Anyone know details about these AWD Sunny's? I'd really like to get an AWD sentra  I tried talking to Jim @ http://serjimr.tripod.com/b13world.html but he said they were very expensive and not too many people know about them. How do you think they fit a driveshaft down the middle???

AWD Sunny 

Is the B13 the same chasis as the GTi-R? Maybe the AWD transmission will work?


----------



## Adam (Apr 30, 2002)

I want....


----------



## motentra (Feb 8, 2003)

sunnys are pretty gay!


----------



## Centurion (Sep 5, 2002)

I am so in love with that bumper with the lights and all.


----------



## himilefrontier (Jan 21, 2003)

The chassis is similar,but the floorpan is different and the rear subframe is different since it is designed to take the shock loading of engine torque,and not just follow the front of the car. I believe that you can use the floor of a B13 without modifications until you get to the rear. The driveshaft doesn't need a lot of clearence since it only spins and doesn't travel up and down like a solid axle car.The rear suspension on the GTiR is assembled to a seperate bolt in subframe that you would need to fabricate strong mounts for.The Sentra and Pulsar/Sunny GTiR both share the same wheelbase and trackwidth so the parts can "easily" be made to fit if you have the requisite fabrication skills and an understanding of the basic systems.One final thing:you must use the exact same tires and gear ratios on all 4 wheels or you will grenade the transfer case.


----------



## himilefrontier (Jan 21, 2003)

Another little tip to make it go easier: buy a complete front clip from a GTiR so that you can see how it all goes together.


----------



## Felonious Cat Stalker (May 1, 2002)

motentra said:


> *sunnys are pretty gay! *


What expertise do you possess that would cause you to make such an elaborate declaration?
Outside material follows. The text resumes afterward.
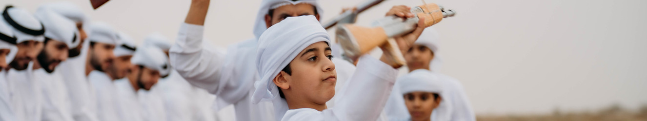 Is Al-Rafza popular? It is widespread in every segment of society and its practitioners are young and old alike. A public performance based on mass participation, parents encourage their children to perform Al-Razfa at events and gatherings – one of the reasons why the dance attracts so many participants. Children learn this heritage art through stimulation and gradual practice, as well as by watching the groups that perform Al-Razfa at social events such as weddings, festivals and anniversaries.
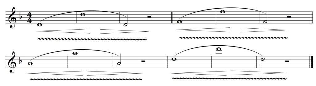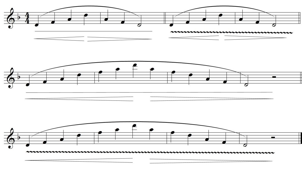 - Exercice 8.- Nous allons répéter l’exercice 5, mais cette fois avec un mouvement crescendo-diminuendo contrôlé qui nous permet de vérifier que le vibrato n’interfère pas avec le phrasé des notes.

That has to be the worst reply to a post I have ever seen in this forum.


----------



## himilefrontier (Jan 21, 2003)

motentra said:


> *sunnys are pretty gay! *


Gee...I see that you drive a B13 Sentra also known in Japan as a...SUNNY!does this mean that you are "pretty gay" too? Think Before you post!


----------



## Centurion (Sep 5, 2002)

fcsmotorsports said:


> *
> That has to be the worst reply to a post I have ever seen in this forum. *


That was my thought too. Maybe his little brother posted that.


----------



## PrOxLaMuS© (Aug 11, 2002)

Here is an interesting fact I learned from a GAY person,when I mentioned "damn, that camera looks gay!" (he heard me and got pissed off, back in 10th Grade)

He simply stated : "can an object be physically and emotionally attracted to one of the same sex?"

So can a Sunny... be homosexual??


----------



## drifterdevin (May 25, 2008)

*I'am thinking on making my b13 awd*

but I will not use the gtir drivetrain, I will be using a 1986 nissan multi in canada or Prairie in the usa, 5 speed and awd, the motor is a CA20de, I will add the T later;-) and all the parts are avalible to fix them in north america too.


----------



## kizer24 (Mar 23, 2008)

Technically gay isn't even about sexuality so I'm guessing he meant that the Sunny's are happy?


----------



## Flyte (May 26, 2008)

well sun *is* a prerequisite to being happy


----------



## veedubxlr8r (Dec 29, 2004)

Somebody needs to find the guy that built this:


----------



## TOOQIKK (Jul 11, 2009)

i have an awd-t n13 pulsar and business man on sr20 forum has an awd nx2k!


----------